TL;DR: Yes,
such services existed.
But
usage was quite limited in time and audience.
Those that existed may be rightfully considered exotic fringe cases for very special situations.
Back in the 70s and 80s
Now, that covers too wide a range of applications and use cases for a coherent answer.
personal computers weren't powerful enough to compile codes in high-level languages or if capable took huge amount of time.
Is that so? A 1 MHz 6502 can assemble its own BASIC in a few minutes, so nothing that can't be waited for. Once there were personal computers, compilation happened there - after all, the main advantage of personal computers were their immediate availability.
Some companies had to install minis for their programmers instead of compiling on the targeted machines,
This was rather for two facts:
- Unified development environment, and more often than not
- Target machines that had no OS or programming environment.
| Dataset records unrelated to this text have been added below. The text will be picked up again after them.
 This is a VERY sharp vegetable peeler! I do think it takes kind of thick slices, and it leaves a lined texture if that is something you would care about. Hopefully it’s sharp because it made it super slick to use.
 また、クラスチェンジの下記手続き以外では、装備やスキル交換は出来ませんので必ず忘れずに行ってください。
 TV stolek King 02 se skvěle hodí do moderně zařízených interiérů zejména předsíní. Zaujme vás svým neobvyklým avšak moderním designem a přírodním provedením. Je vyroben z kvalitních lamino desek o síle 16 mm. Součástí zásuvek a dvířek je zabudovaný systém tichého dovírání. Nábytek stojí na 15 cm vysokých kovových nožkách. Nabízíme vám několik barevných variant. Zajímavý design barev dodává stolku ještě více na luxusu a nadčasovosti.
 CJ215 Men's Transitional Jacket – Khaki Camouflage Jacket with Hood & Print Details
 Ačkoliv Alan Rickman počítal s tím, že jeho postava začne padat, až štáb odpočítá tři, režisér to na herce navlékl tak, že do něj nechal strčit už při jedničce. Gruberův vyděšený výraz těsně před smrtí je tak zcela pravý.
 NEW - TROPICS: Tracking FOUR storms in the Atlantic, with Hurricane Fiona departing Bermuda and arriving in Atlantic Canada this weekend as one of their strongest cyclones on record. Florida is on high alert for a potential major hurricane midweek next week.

Employers and students sent their cards and tapes to Batch processing mainframes to compile.
Not really. Students usually did jobs on their institute's machines, not on some different one. Likewise, at the time real cards were still a thing in programming; there were no micros and not much cross development.
Usually the only time programming happened with cross-compilers on large remote systems was when new CPUs were introduced and the manufacturer did not have any development system already at hand.
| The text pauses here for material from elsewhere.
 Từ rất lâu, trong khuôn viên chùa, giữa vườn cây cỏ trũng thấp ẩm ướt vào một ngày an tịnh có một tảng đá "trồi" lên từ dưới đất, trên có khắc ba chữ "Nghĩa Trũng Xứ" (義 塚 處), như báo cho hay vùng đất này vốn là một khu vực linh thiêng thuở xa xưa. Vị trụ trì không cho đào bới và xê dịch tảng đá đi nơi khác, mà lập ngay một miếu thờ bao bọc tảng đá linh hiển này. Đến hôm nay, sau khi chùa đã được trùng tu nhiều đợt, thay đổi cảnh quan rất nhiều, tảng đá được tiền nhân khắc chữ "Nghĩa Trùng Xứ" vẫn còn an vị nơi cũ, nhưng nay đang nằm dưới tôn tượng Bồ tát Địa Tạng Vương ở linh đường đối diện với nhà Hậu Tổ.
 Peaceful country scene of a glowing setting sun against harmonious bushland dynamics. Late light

So Intel for example offered cross assemblers for 4004 and 8008 before their ISIS systems became available. After that, development was intended to happen on here. Likewise when new CPUs, like 8048 or 8086 became available, Intel offered software packages to compile for these new models - often in combination with hardware adaptors, programmers and ICE probes.
Zilog in contrast just used Intel systems in the beginning before their own development systems were ready - the Z80 is just an extended 8080, isn't it? :))
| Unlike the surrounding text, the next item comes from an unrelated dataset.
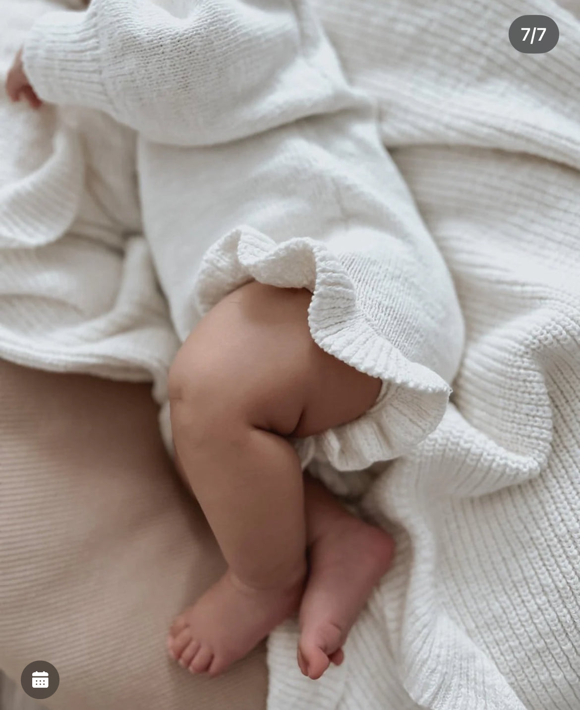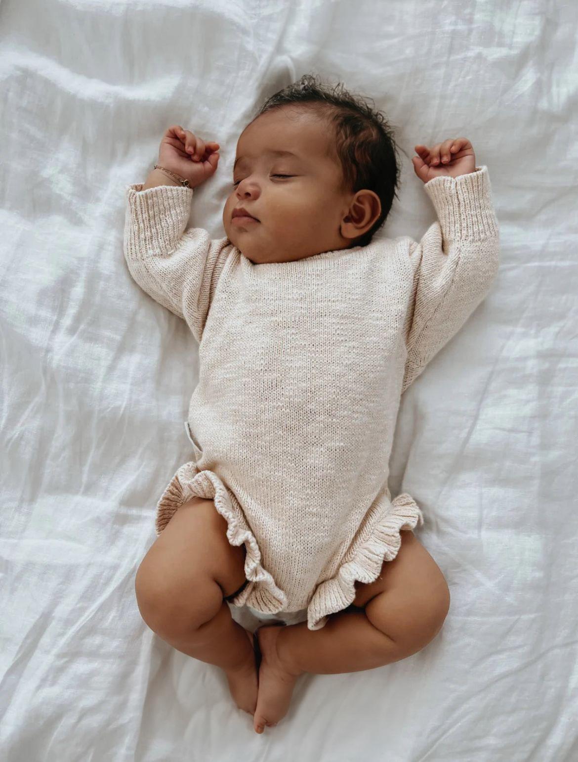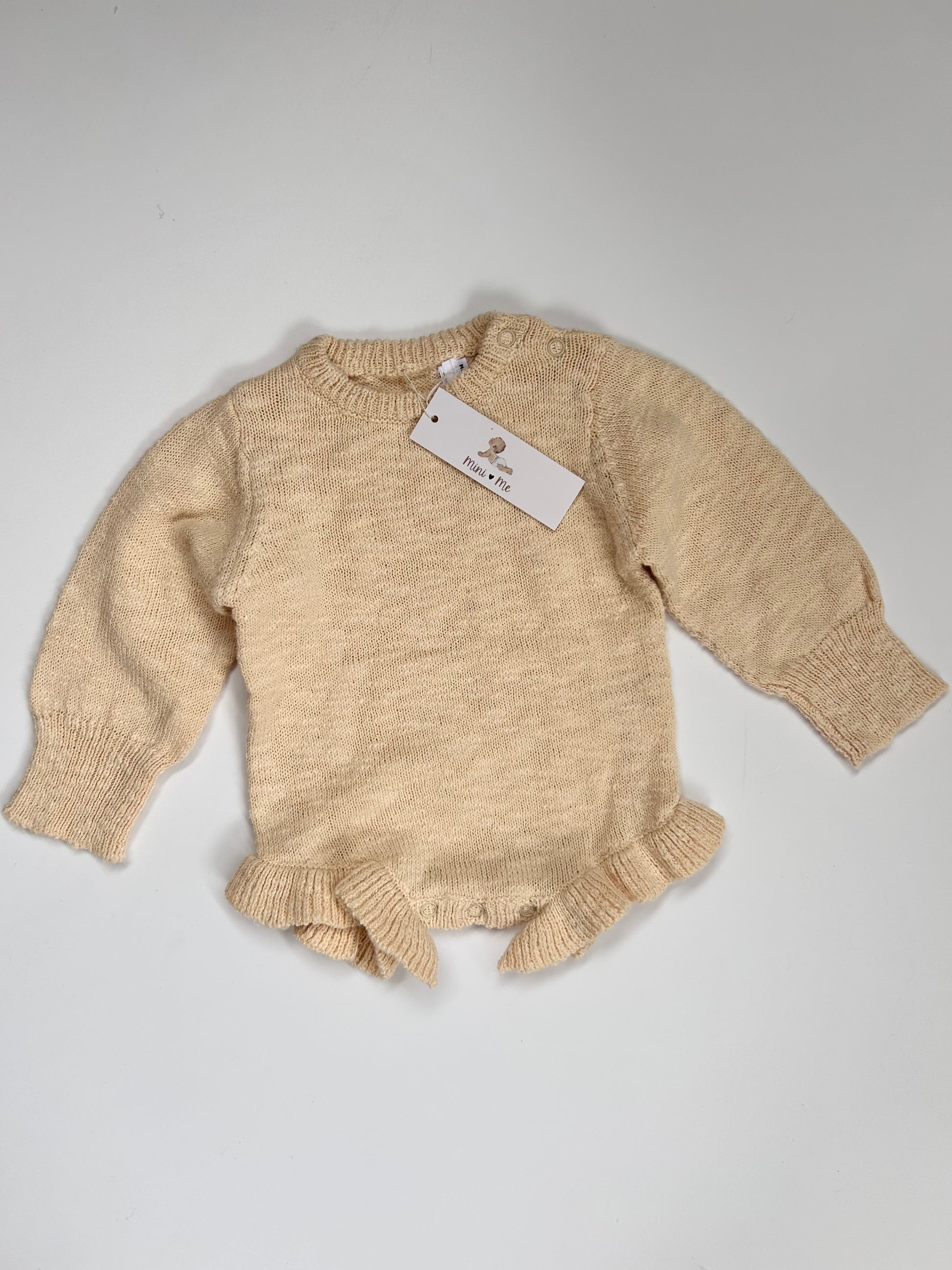 Delizioso pagliaccetto in morbido e leggero filo di cotone biologico disponibile in 2 delicatissime colorazioni: coconut e peach.

Apart from that, cross compiling was only a thing for game systems, as these did not really provide a way to develop on target. An exception might be development for similar systems, like developing on a PET for VIC20.
Multi-platform game development was essentially the only area where cross-compilation was a big issue - and here it was always an internal one. Not just to secure the game from leaking, but, as mentioned, to provide a single development environment for all platforms.
Were there any cross-compiling services for the public instead of internal users, free or subscribed,
All of that does of course rely on your definition of "the public". In any case these services were rather limited and only viable for a sort time. A good example might be the (cross) assembler MOS offered in the beginning to their customers using a GE-based dial-in service. As so often when it's about 6502 material, Hans Otten has the documentation, here the 650X Cross Assembler Manual.
Noteworthy, and unlike in the question assumed, that assembler was not comfortable at all. It was a very primitive linear beast. This makes sense, considering that the step from "no assembler" to "some assembler" is much more supportive than "some assembler" to "comfortable assembler".
The dial-in solution was soon superseded with MOS' Resident Assembler developed for the MDT650 - the history of MOS Assemblers can be followed on Michael Steil's Pagetable.